Выбрать главу

Из относящихся к тому времени моих воспоминаний, связанных с Асеевым, самое яркое — двадцатипятилетний юбилей его литературной деятельности.

Юбилейный вечер был устроен в клубе писателей. Мне был поручен доклад, К. Симонову — приветственное слово от молодых поэтов. Перед началом вечера мы ожидали своего выхода в соседней с залом комнате. Симонов очень волновался, ходил взад и вперед, поправлял галстук, потом попросил меня прослушать написанное им слово. Я, по долгу старшего, прослушал, одобрил. Сам же, как человек, немало выступавший перед различной аудиторией, был спокоен. Слишком спокоен.

Вечер открыл Фадеев. Он не вышел на трибуну, а стоя за столом посреди многочисленного президиума произнес своим особенным, высоким голосом вступительную речь. Из стихов Асеева он выделял то, что любил: не игру созвучиями, или неологизмы, или «кручение сальто» в стихе — все то, чего немало было у Николая Николаевича, особенно в ранние годы творчества и в лефовский период, — а страстные публицистические стихи и ясную прозрачную лирику. Ведь сам Асеев писал о себе: «Я лирик по складу своей души, по самой строчечной сути». Высокий, очень прямо держащийся Фадеев говорил о «Семене Проскакове», о «Синих гусарах» и в заключение прочел целиком «Русскую сказку».

По тому, как он ее читал, чувствовалось, что именно это стихотворение ему ближе всех других из асеевских стихов.

Что же ты грустишь, моя лада, о моей непонятной песне? Радо сердце или не радо жить с такою судьбою вместе?! Если рада слушать такое, не проси у меня покоя.
Знать, недаром на свете живу я, если слезы умею плавить, если песню сторожевую я умею вехой поставить. Пусть других она будет глуше,— ты ее, пригорюнясь, слушай!

После этого наступил мой черед. Не могу без огорчения вспомнить о моем докладе. Я совершенно не понимал в то время, как неуместна лекция на юбилейном вечере, как не нужно в этом зале, заполненном писателями — сверстниками, друзьями, читателями, давно знающими и любящими Асеева, — говорить им то, что они и сами знают. Здесь нужно было горячее писательское слово, я же явился тем докладчиком-вороной, который зло осмеян в записных книжках Ильфа. Короче, — я провалился.

На десятой минуте меня слушали из вежливости, на пятнадцатой уже невежливо переговаривались друг с другом. И только сам Асеев был стоек и терпеливо слушал, посматривая на меня с другого конца стола президиума зорким голубым глазом.

Сразу вслед за мной вызвали Симонова. Он быстро прошел из коридора к трибуне, взлетел на нее и громко, вдохновенно сказал свое взволнованное патетическое слово, в котором восхищение поэзией Асеева соединялось с уважением к нему и благодарностью младшего поколения. Зал слушал его напряженно и наградил шумными аплодисментами.
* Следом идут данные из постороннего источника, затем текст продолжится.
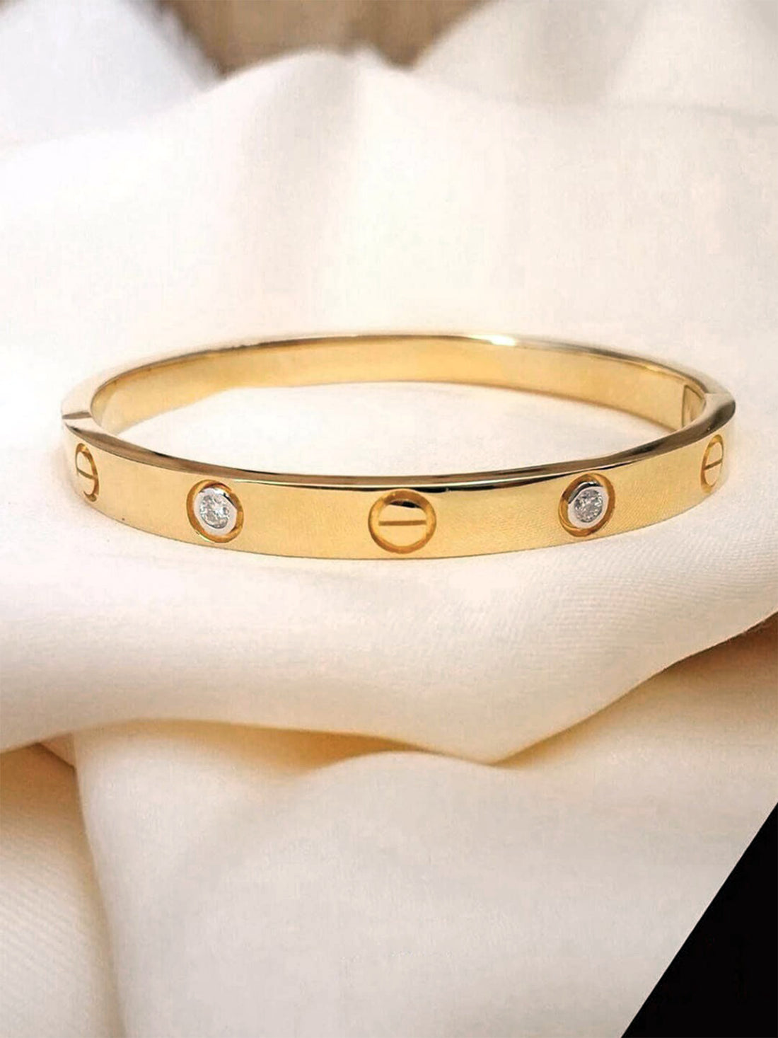 Bohey by KARATCART Gold Plated CZ Stainless Steel Kada Bracelet for Women

Помню выступление Веры Инбер.

Соловей! Россиньоль! Нахтигаль! Выше, выше! О, выше! О, выше! Улетай, догоняй, настигай Ту, которой душа твоя дышит.
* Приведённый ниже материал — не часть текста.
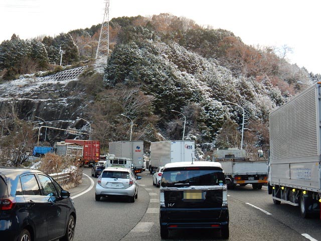 の登り坂で小規模な渋滞が発生していました。登坂車線まで一杯

Она прочла эти асеевские строки в такой интонации, что они прозвучали, как ее собственные, инберовские стихи.

Асеев слушал всех и, казалось мне, затаенно улыбался: один из вас любит у меня одно, другой — другое, третий — третье, а все это — мое, все это — я, я объемлю все это многообразие. Да, юбилей был настоящим праздником не только его друзей и близких, но и всей советской поэзии.
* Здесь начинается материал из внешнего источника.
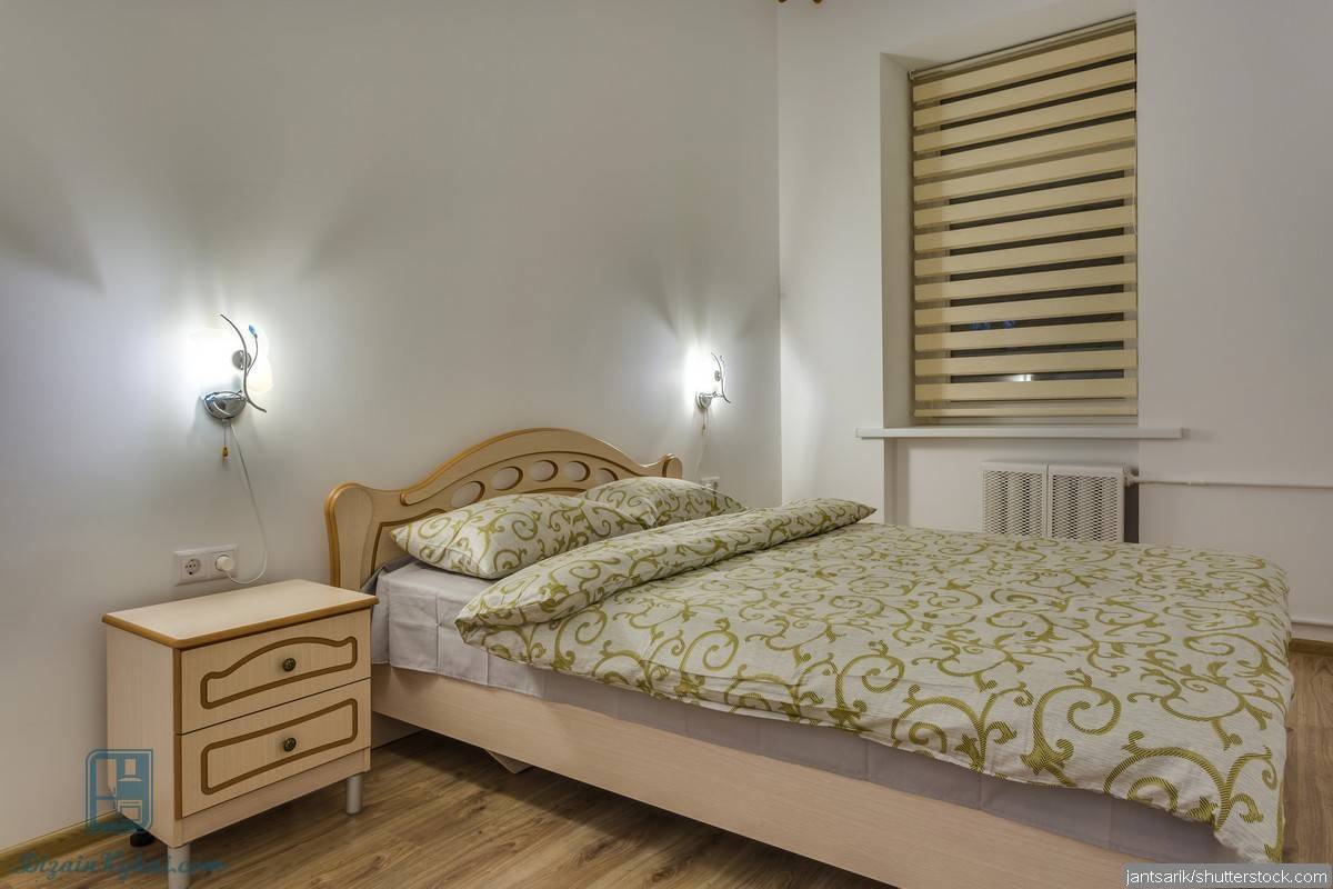 Установка прикроватной тумбочки в узкой спальне создает глубинуИсточник yandex.kz

И в первом ряду зала внимательно слушала выступления спутница всей жизни Асеева, золотоволосая Ксения Михайловна, Оксана, к которой обращено столько влюбленных стихов поэта.

С той поры минуло много лет, мои отношения с Асеевым не шли далее обмена приветственными словами при встречах, хотя все эти годы, за исключением военных, мы жили в одном доме и видели друг друга часто.

Но именно в последние год-полтора сложились у нас добрые и близкие отношения, и Николай Николаевич звонил мне, звал к себе и даже сетовал, если я долго не приходил. А мне, признаюсь, было как-то неловко первым искать встречи, я боялся утомить его, наскучить. Я же знал, как много ходит к нему поэтов, знакомых, друзей, как часто звонят ему из редакций и издательств.

С чего именно началось наше сближение, я не могу припомнить. Но было так.

Николай Николаевич в пижаме сидит на диване. Он седой, худой, лицо морщинистое, покашливает. Он уже почти никуда не выходит, не выезжает. Только весной его перевозят на дачу и поздней осенью обратно в городскую квартиру. Все его связи с жизнью осуществляются по телефону, который стоит на маленьком столике у дивана, через посещения друзей и молодых поэтов, которые приходят читать ему стихи, через газеты, журналы и книги. И все же ни возраст, ни давний туберкулез, ни прочие недуги, ни вынужденное сидение в четырех стенах не делают Николая Николаевича стариком. Он деятелен, он всем на свете интересуется, выспрашивает о новостях литературной жизни. Он много ежедневно пишет: стихи, статьи, готовит книгу. Он читает, откликается на телефонные звонки, сам звонит, говорит с людьми. В беседе с ним все время физически ощущаешь работу мысли Асеева, которая то роется, как крот, в занимающей его проблеме, то вдруг излучает мгновенной вспышкой поэтический образ, остроту, афоризм, блестку иронии.